# Another venison question. Ever made Livermush?



## strawhousefarm (Feb 27, 2008)

Has anyone ever tried to make their own liver mush or liver pudding. This question is probably more directed toward the southern members of this forum. However I think that scrapple is a northern equivalent.

I actually prefer the Neeses liver pudding which in my opinion is the best breakfest meat ever created. So I figured what the heck I'll give it a try.
I don't care to much for liver straight and I hate to throw it out, just looking for some way to utilize it.

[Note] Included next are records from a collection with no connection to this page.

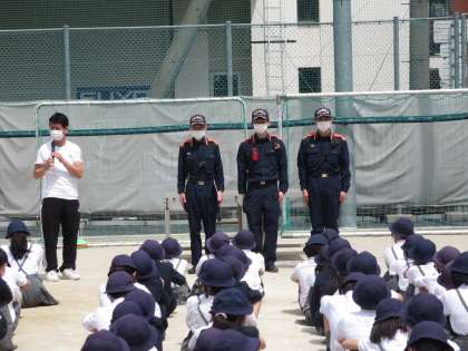 浪速消防署の方も来られ、火災で避難する時は、しゃべらず、煙を吸わず、煙の中は低い姿勢で移動し、緑色の誘導灯がある場合はそれを目掛けて避難し、火災が起きた部屋の戸は閉めるようにとお話しがありました。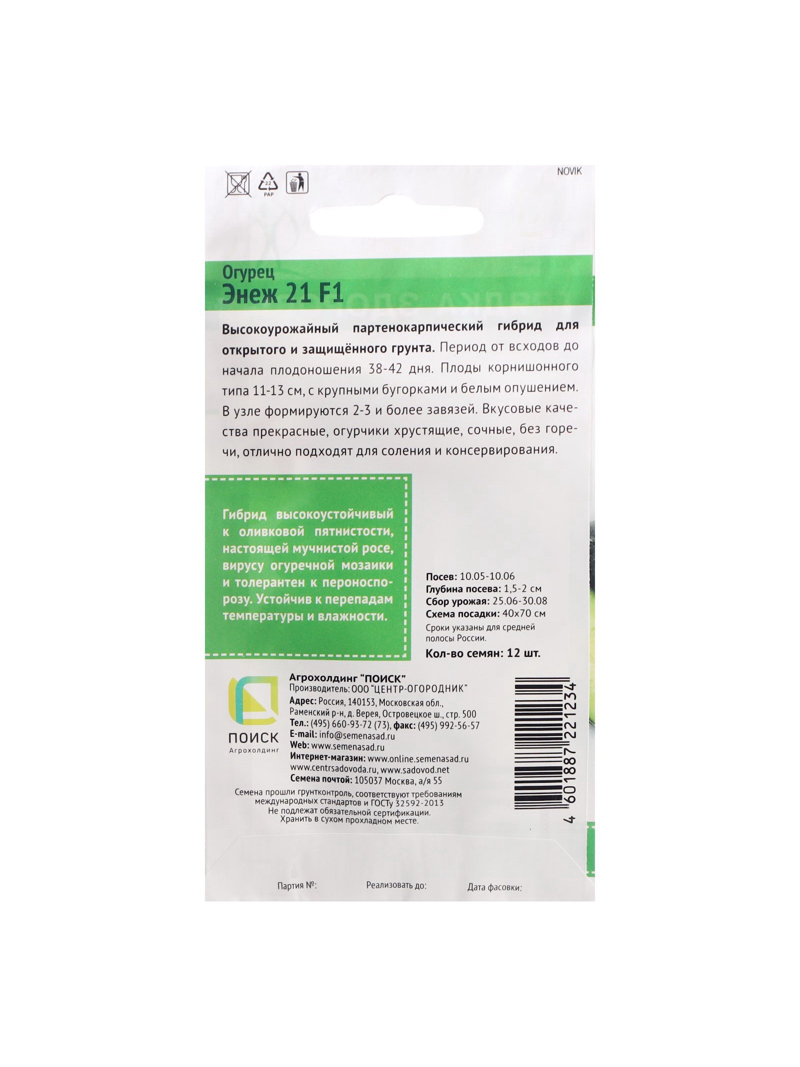 Семена Огурец "Энеж 21", F1, 12 шт, ПОИСК, Китай
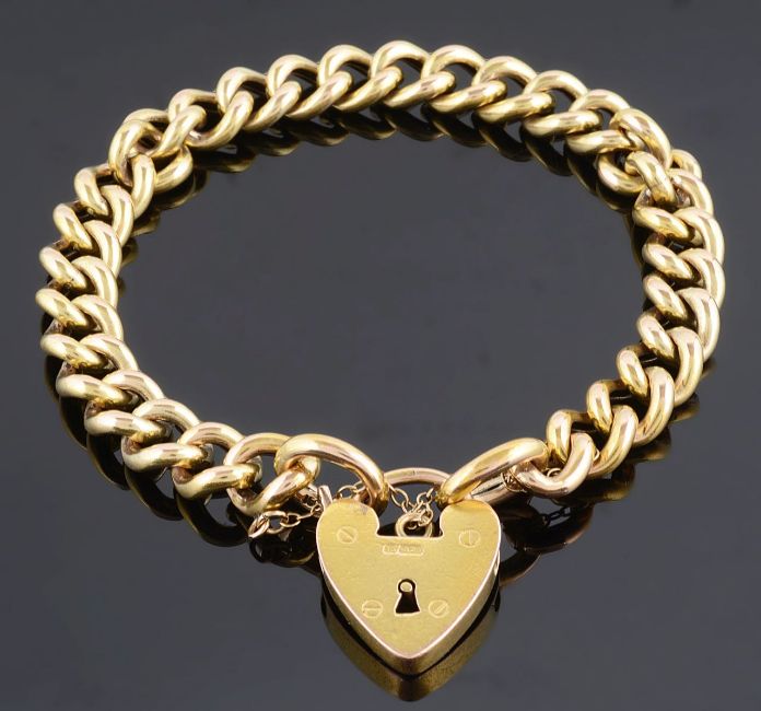 the bracelet stamped 15C and testing for gold and with hallmarked 15ct gold heart padlock fastening, with safety chain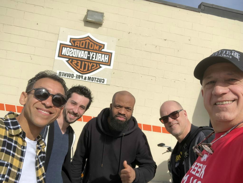 En suite nous avons retrouvé Franck Haesevoets et ses poulains, Jean Philippe Fanfant et Stephane Athus pour une série de photo. Première visite, le magasin Harley " Bartel's" où notre johnny nationnal y trainait ses santiags!!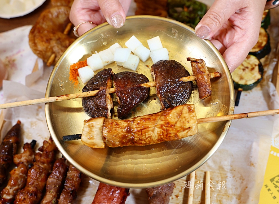 杏鮑菇厚實Q彈,咬起來超滿足;香菇則是咬下就爆汁,鹹甜醬汁更襯出香菇烤後的清甜滋味,真讓我吮指回味呢。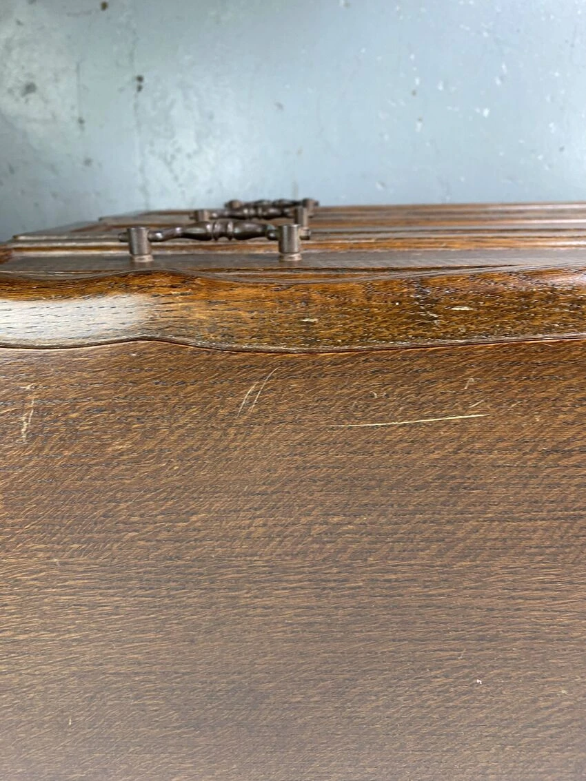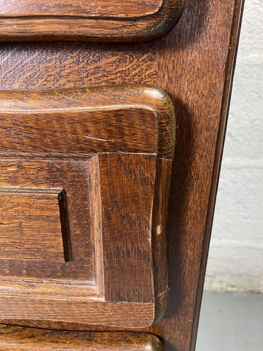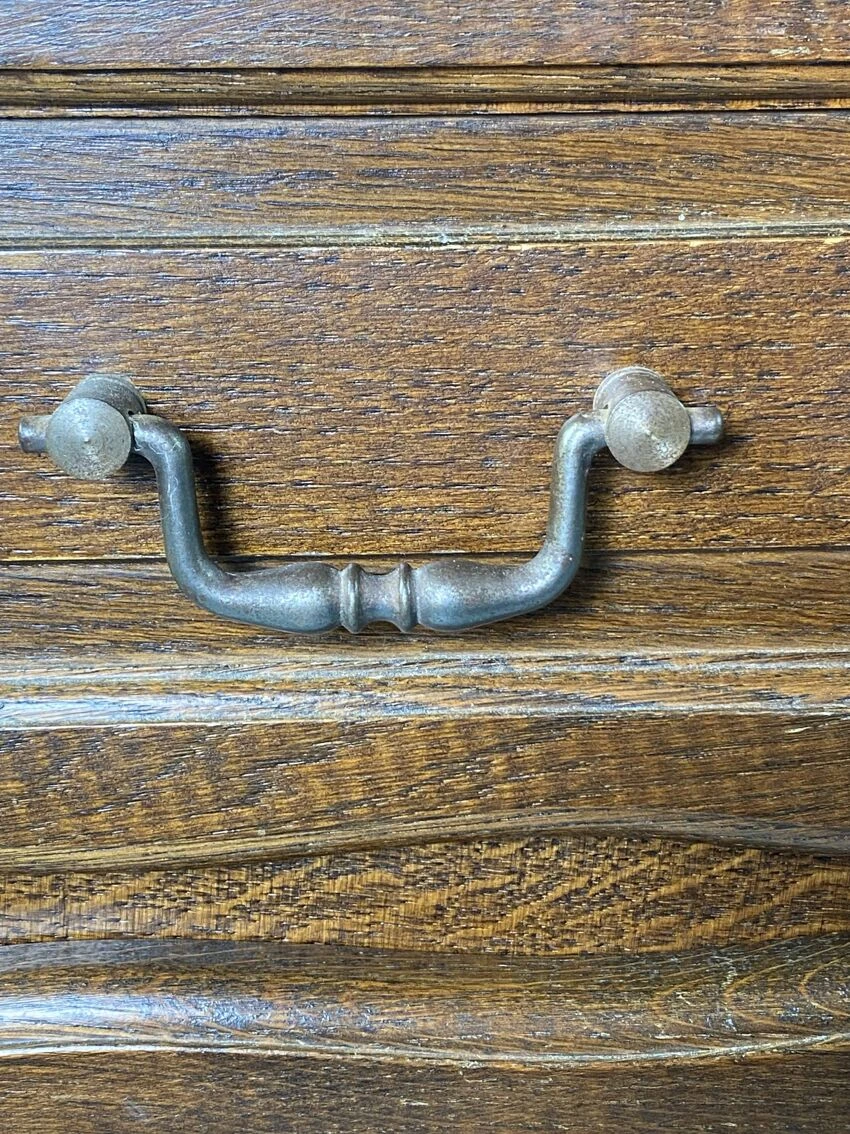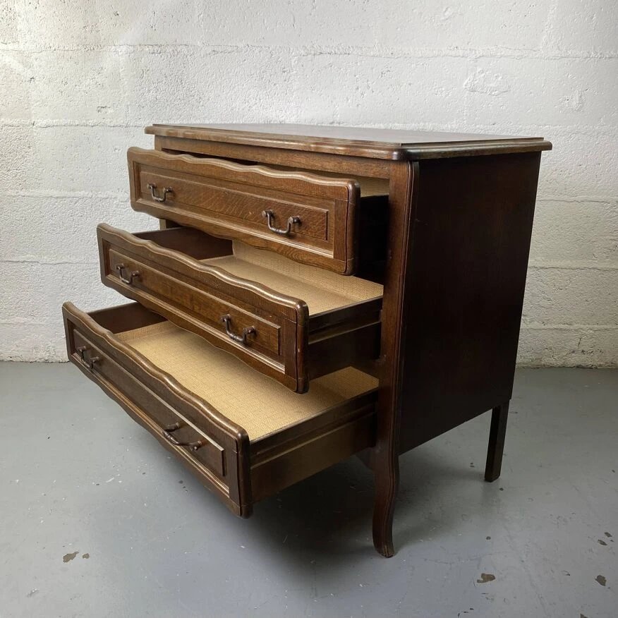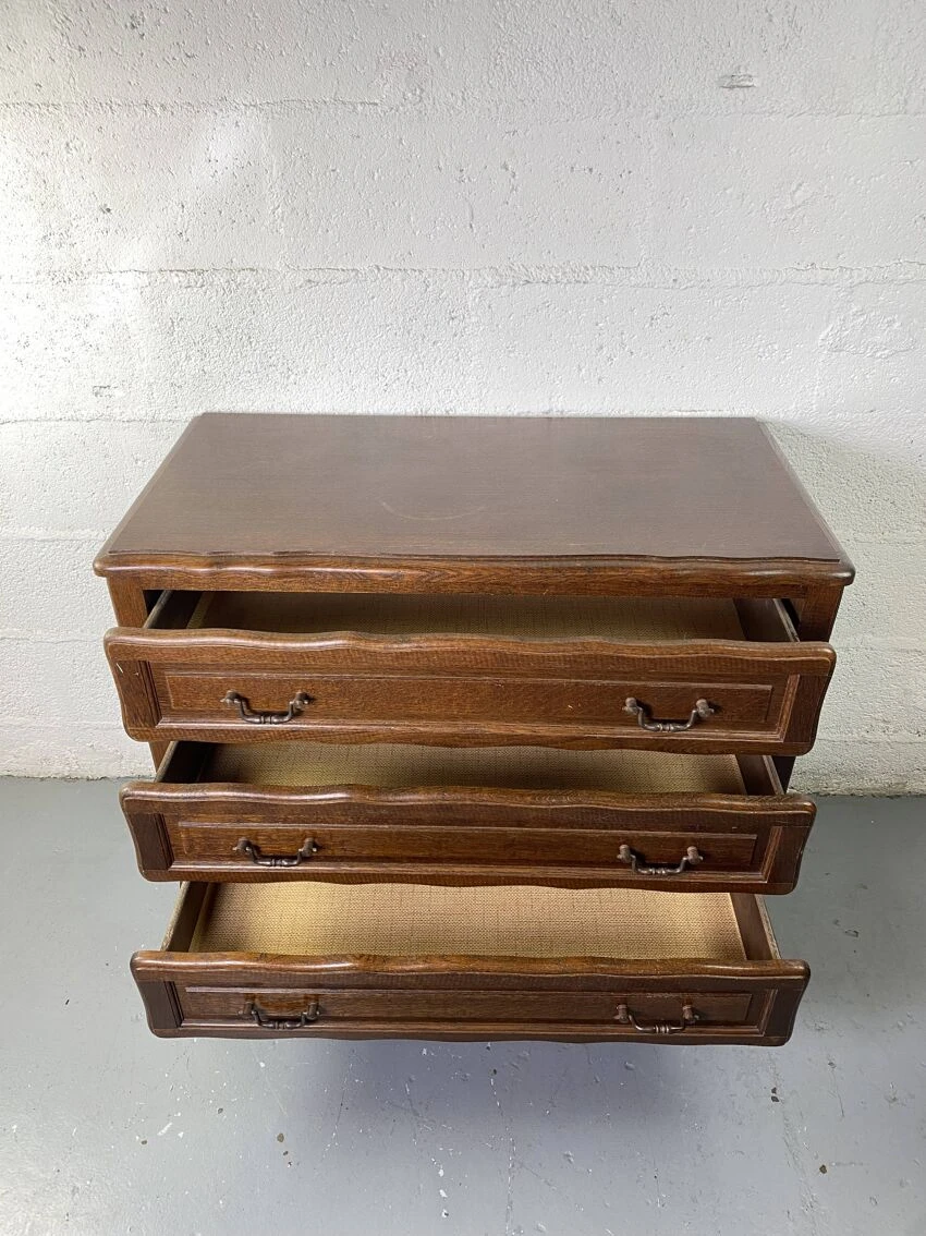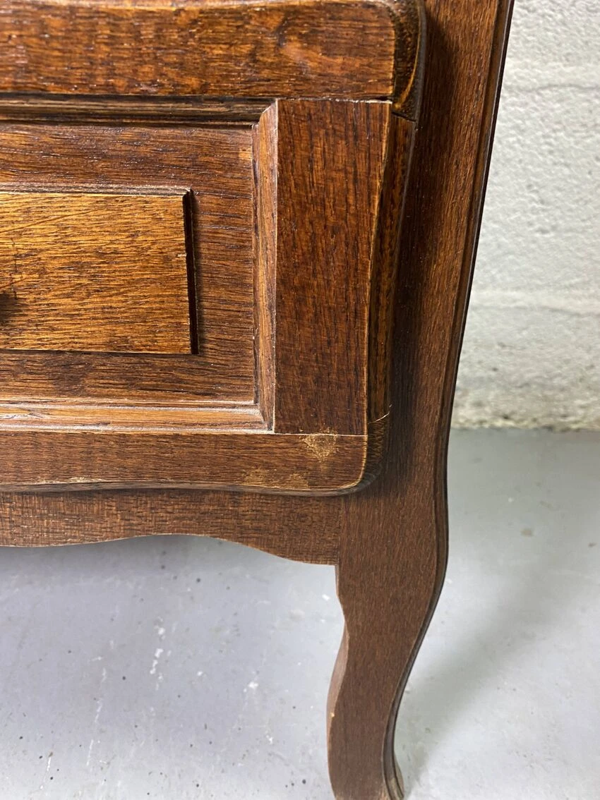 This wooden chest of drawers, probably made of oak, offers both functionality and style in your bedroom or living room.

Any suggestions are always welcome.
Thanks.


----------



## beaglebiz (Aug 5, 2008)

I make scrapple all of the time...grind up what you are using, season with sage, fennell and a pinch of hot pepper flakes. I cook it, drain, fo a lb, I add about 3/4 cup cornmeal and 1 1/2 cups milk. cook it down to puddng consistency. taste and adjust spices (I like lots of sage)
put in a loaf pan, chill overnight and slice. when you fry, flour the slices for a crispy crust. I love this with maple syrup poured over the top.....mmmm
just a note, I never tried it with venison, only pork, maybe you could mix some ground pork with the venison liver to help hold it together??
I got my recipe from a PA Mennonite cookbook


----------